Après ce bombardement, beaucoup d'édifices sont déjà fortement ébranlés. Immédiatement, les membres de la Défense passive se mettent au travail avec des moyens de fortune pour dégager les victimes ensevelies dans les décombres. En haut d'une maison, armé d'une lance à incendie, Jacques Poret tente de sauver l'épicerie Rémy. Mais il doit se réfugier sous la Porte-Horloge avec les autres pompiers lorsque les bombardements reprennent. Avant l'arrivée des bombardiers anglais, les rescapés ont fui vers la campagne n'emportant le plus souvent que les vêtements qu'ils portent. La ville brûle pendant deux semaines. Quatre cents civils sont morts et autant blessés.

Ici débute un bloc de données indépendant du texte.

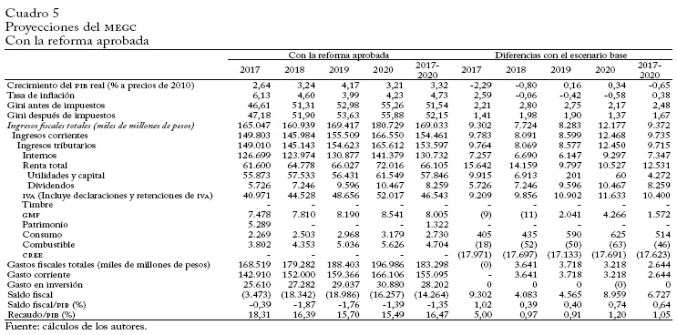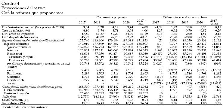 - Los cuadros 4 y 5 presentan los principales resultados del ejercicio. El cuadro 4 muestra los resultados de la propuesta de reforma y los compara con los del escenario base. El cuadro 5 presenta las proyecciones correspondientes a la reforma aprobada en diciembre de 2016, también comparadas con las del escenario base. Los resultados que arroja el MEGC para nuestra propuesta no son sorprendentes dadas sus características, en particular no aumentar el IVA, salvo en los casos indicados. Comparados con los que se obtendrían en el escenario base -sin reforma-, los ingresos tributarios se verían casi inalterados en el primer año de la reforma (reducción de 5 mil millones de pesos). Sin embargo, en los años siguientes serían muy superiores (9,9 billones de pesos en 2018, 18,0 billones en 2019 y 20,8 billones en 2020). De modo que el recaudo promedio anual en los cuatro años de proyección de la propuesta sería mucho mayor que en el escenario base (12,2 billones de pesos más).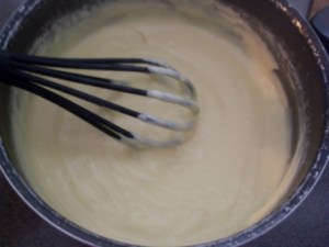 Luego regresar a la olla la mezcla de yemas y volver a la hornilla. Aquí no hay que distraerse, mientras la olla está al calor bajo hay que ir batiendo la crema con el batidor de mano. No se van a cansar porque por la cantidad de fécula espesará muy rápido y cuando eso suceda es porque ya está.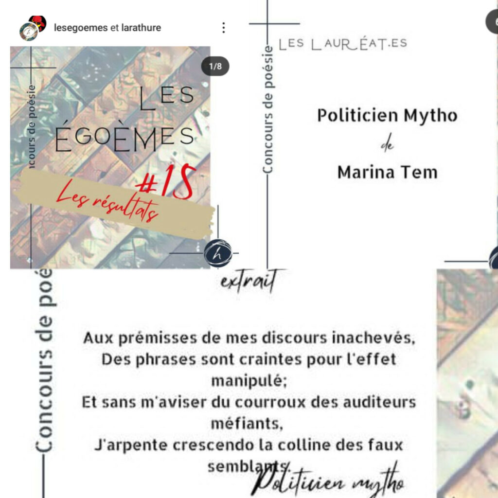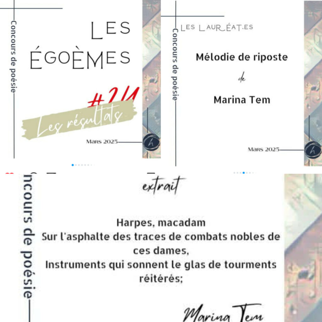 Après une période de césure, le concours de poésie Les égoemes longtemps mis en berne par l’organisateur, a repris du poil de la bête depuis l’amorce de cette année 2025. Il est donc ouvert à compétition mensuel depuis Janvier et a porté en ce mois de Mars, une joute de plus dont les résultats glorieux de ma participation à cette dernière m’ont ravie.
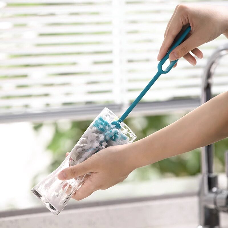 茶花长柄家用杯刷清洁杯子海绵刷PP清洁刷无死角去污专用奶瓶刷子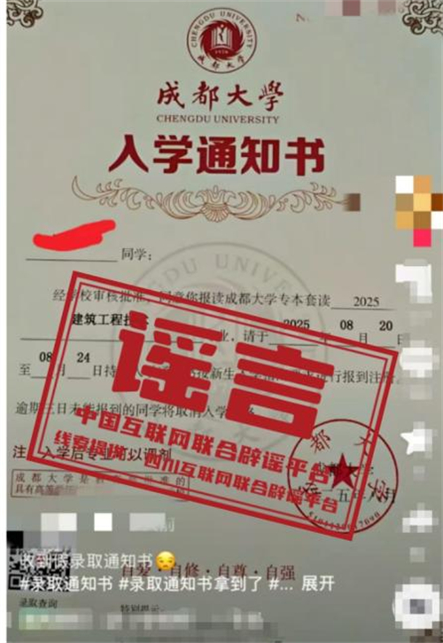 教育部多次提醒,部分機構和個人打著普通高等學歷教育幌子,實際卻為自考助學、網絡教育等其他教育形式,或進行虛假宣傳。如未通過高考招生錄取獲得正式通知書,無法注冊普通高校正式學籍,也無法取得普通高等學校學歷證書。考生及家長應通過正規渠道核驗錄取信息,嚴格保護個人信息,防止被不法分子利用。(來源:四川互聯網舉報辟謠平臺、成都網絡辟謠)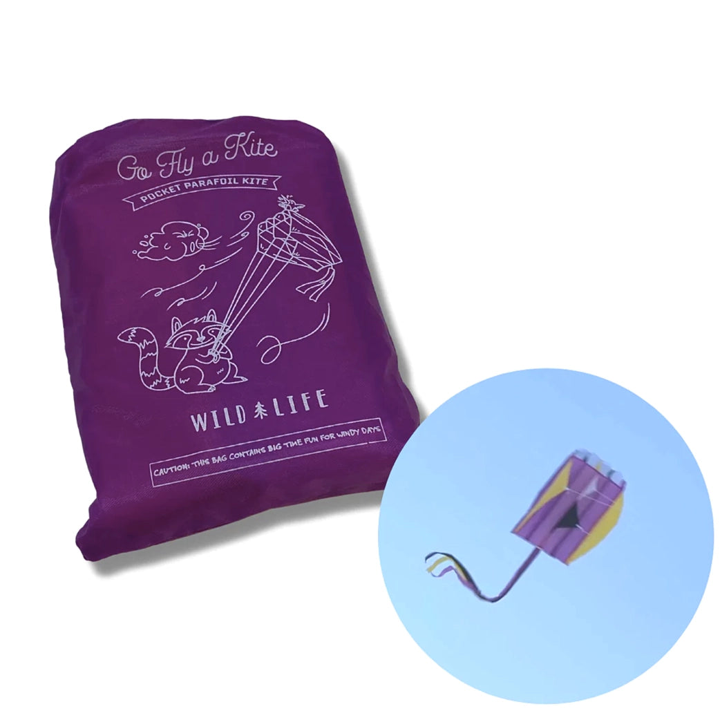 Our pocket parafoil kite is easy to bring along on outings, this compact kite requires no assembly, so it’s ready to fly the minute you pull it out of your pocket. * Measures 23" x 18" when opened. * Contains a 14' designed tail. * No assembly necessary. * Strings, handle and kite all included in the pouch.

1 Florentin E., Quand les alliés bombardaient la France, 1940-1945, librairie Perrin, 1997

 
Eglise bombardement Vire

 

La libération de Vire du 5 au 8 août 1944

L'opération Cobra déclenchée le 25 juillet, permet aux Américains de percer le front entre Saint-Lô et Périers. L'avance alliée reprend et, du 30 juillet au 6 août, a lieu la Percée du Bocage.

Vire est aux mains de formations allemandes hétéroclites rescapées du front de Saint-Lô : éléments de régiments parachutistes appartenant à la 3ème Division de Schmipf et au 2ème Corps parachutiste de Mendl et de divers bataillons de la 363ème Division. L'artillerie allemande a l'avantage d'être postée sur les hauteurs qui ceinturent la ville.

 

Samedi 5 août

Précédant les 115ème, 116ème et 175ème Régiments d'Infanterie de la 29ème Division, les premiers blindés américains de la 2ème DB arrivent par la route de Pont-Farcy et se regroupent dans une prairie de Martilly. Dix-neuf chars s'apprêtent à franchir le pont. Ils sont pris sous les tirs déclenchés par les Allemands. Le pont de Martilly est infranchissable. Il faut trouver une autre voie d'accès.

 

Dimanche 6 août

Le Major Général Gerhardt donne l'ordre au 116ème de lancer une attaque à partir de la ferme de Clermont. L'opération débute à 19h15. Les soldats « bleus et gris » des 2ème et 3ème bataillons de la 29ème D.I. dévalent la pente boisée jusqu'au fond de la vallée.

Les premiers GI's américains franchissent la Vire et, par petits groupes, traversent la route pour chercher protection au pied de l'escarpement rocheux qui surplombe la rue Jean Le Houx. Durant toute la nuit du 6 au 7 août, les fantassins américains progressent en nettoyant la ville maison par maison.

 

Lundi 7 août

Une patrouille américaine commence à remonter la rue des Vaux en direction de l'Écluse. Dans la journée, tandis qu'une partie des hommes du 116ème prend le contrôle du centre-ville, de la gare et des quartiers nord de Vire, d'autres bataillons sont durement accrochés à Sainte-Anne. Un violent tir de barrage allemand les empêche de monter vers La Besnardière et Saint-Clair.

 

Mardi 8 août

Une nouvelle attaque contre les hauteurs situées au sud de Vire débute à 5h du matin. Les soldats américains cherchent des chemins d'accès vers La Besnardière.

Ils progressent à l'abri des jardins et des haies, se faufilent par les étroits sentiers et les escaliers qui montent vers le sommet de la colline. La Besnardière est occupée en fin de matinée et Saint-Clair vers 16 h 30. A 17 h 45, les Américains annoncent que Vire est totalement libérée.